* Collected material:
═══

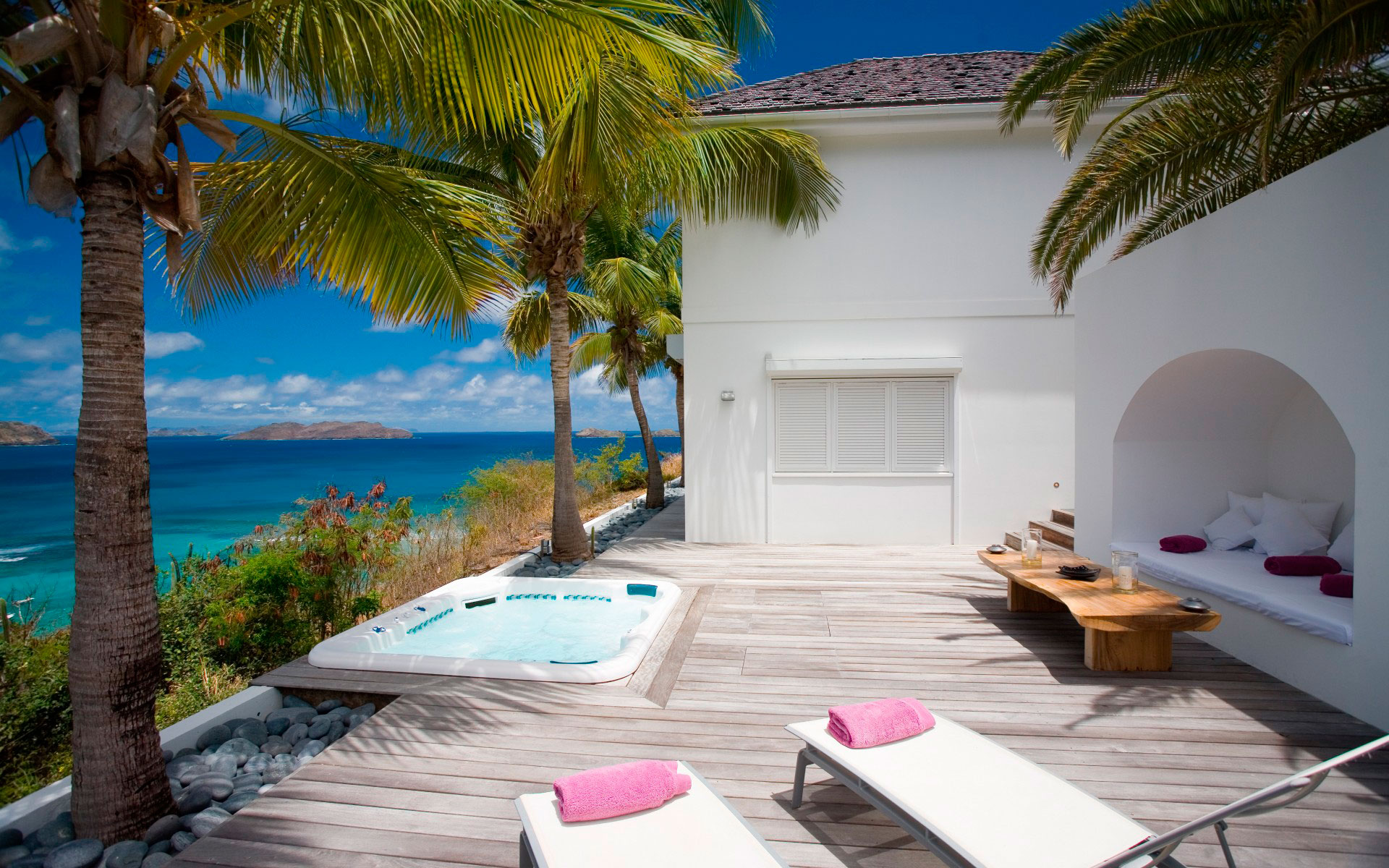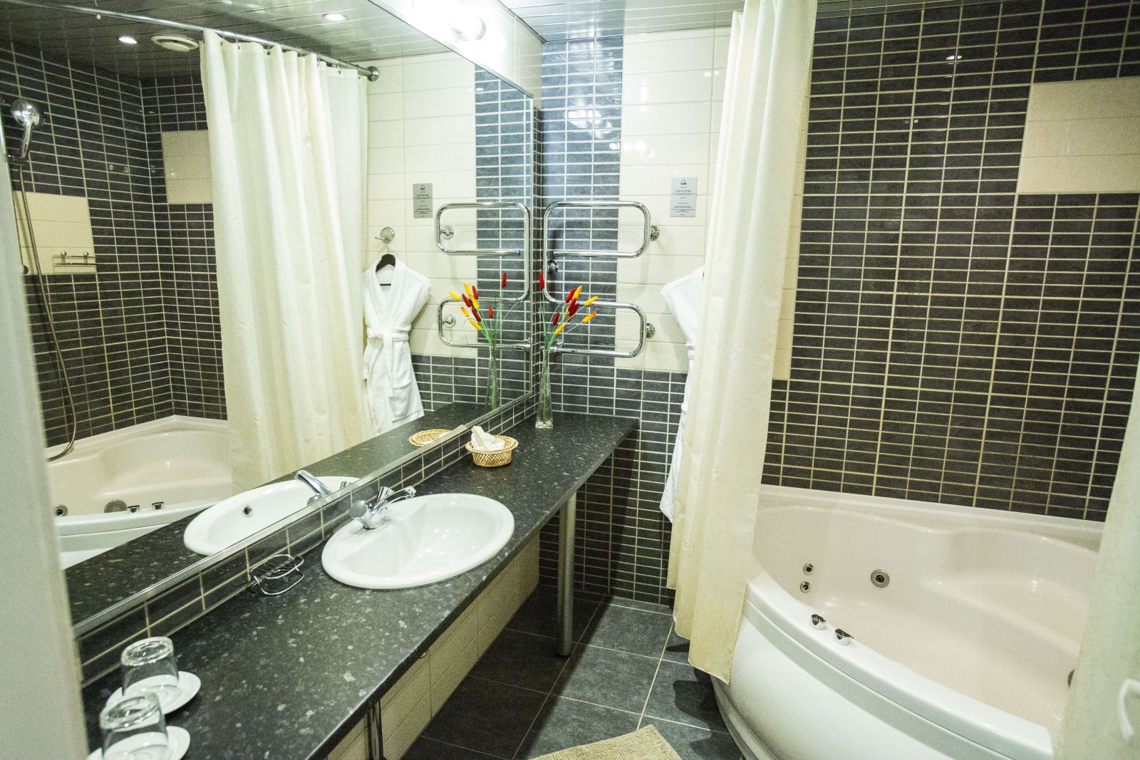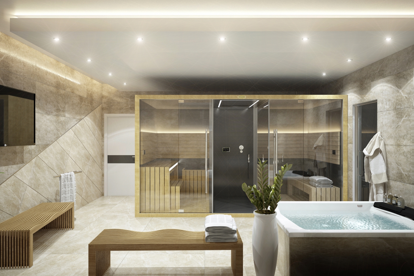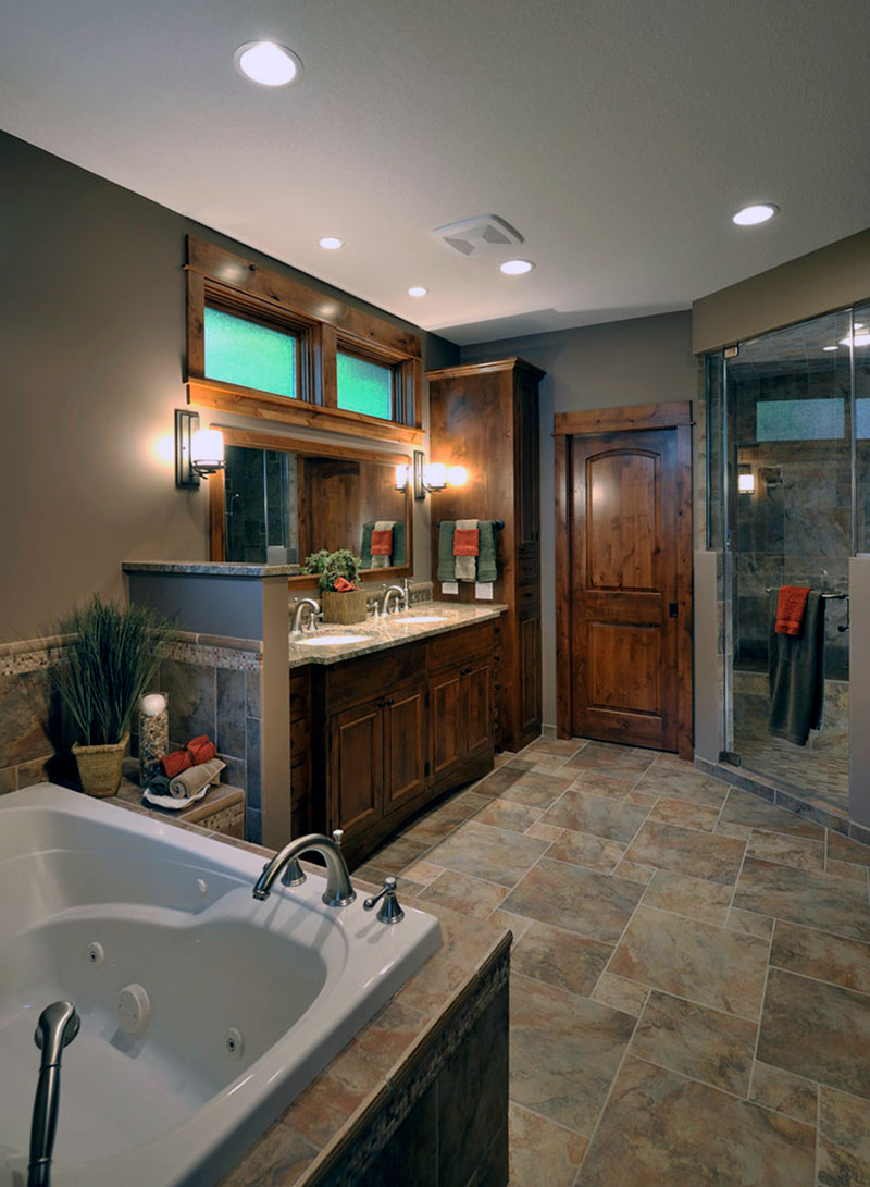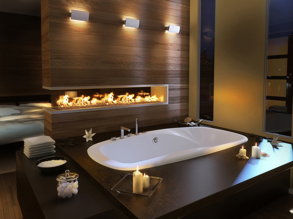 - Suportes de toalha podem ser instalados ao lado do jacuzzi, mobília para acessórios de banho e outros acessórios. Vasos com plantas serão uma ótima decoração.
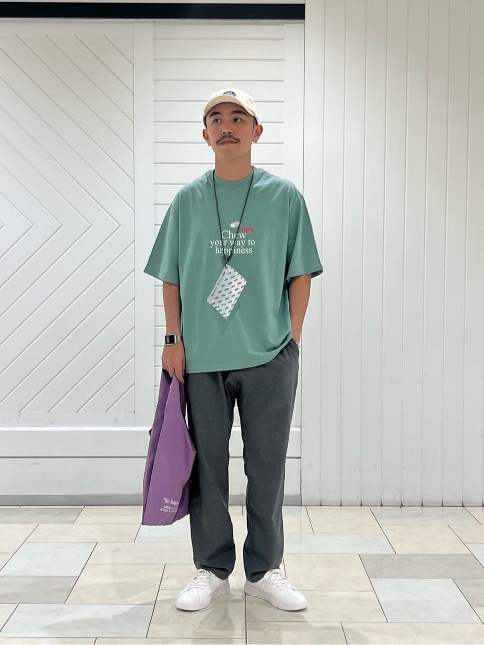 ライムグリーン×パープル×グレーのポップな色選びで遊び心たっぷりなスタイル。ほどよくゆとりのあるシルエットが抜け感を演出し、大人の余裕を感じさせます。
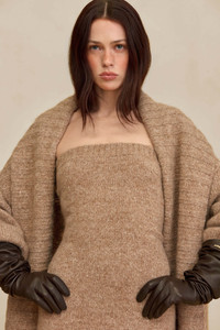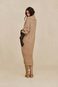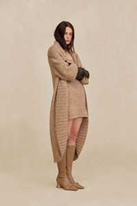 A cocoon style duster cardigan with a ribbed shawl collar and longline hem that acts as the ultimate layering piece. — Midi length — Wool and Alpaca blend yarn — Open design with no closure — Ribbed details — Wear with the Holland Knit Dress SIZE & FIT NOTES Model is 5'10" and is wearing a size Small COMPOSITION AND CARE 53% WOOL 17% ALPACA 30% POLYAMIDE

═══

* Exercise objective: Leave the images out and output the remaining material exactly as it stands.

* Expected answer:
 - Suportes de toalha podem ser instalados ao lado do jacuzzi, mobília para acessórios de banho e outros acessórios. Vasos com plantas serão uma ótima decoração.
 ライムグリーン×パープル×グレーのポップな色選びで遊び心たっぷりなスタイル。ほどよくゆとりのあるシルエットが抜け感を演出し、大人の余裕を感じさせます。
 A cocoon style duster cardigan with a ribbed shawl collar and longline hem that acts as the ultimate layering piece. — Midi length — Wool and Alpaca blend yarn — Open design with no closure — Ribbed details — Wear with the Holland Knit Dress SIZE & FIT NOTES Model is 5'10" and is wearing a size Small COMPOSITION AND CARE 53% WOOL 17% ALPACA 30% POLYAMIDE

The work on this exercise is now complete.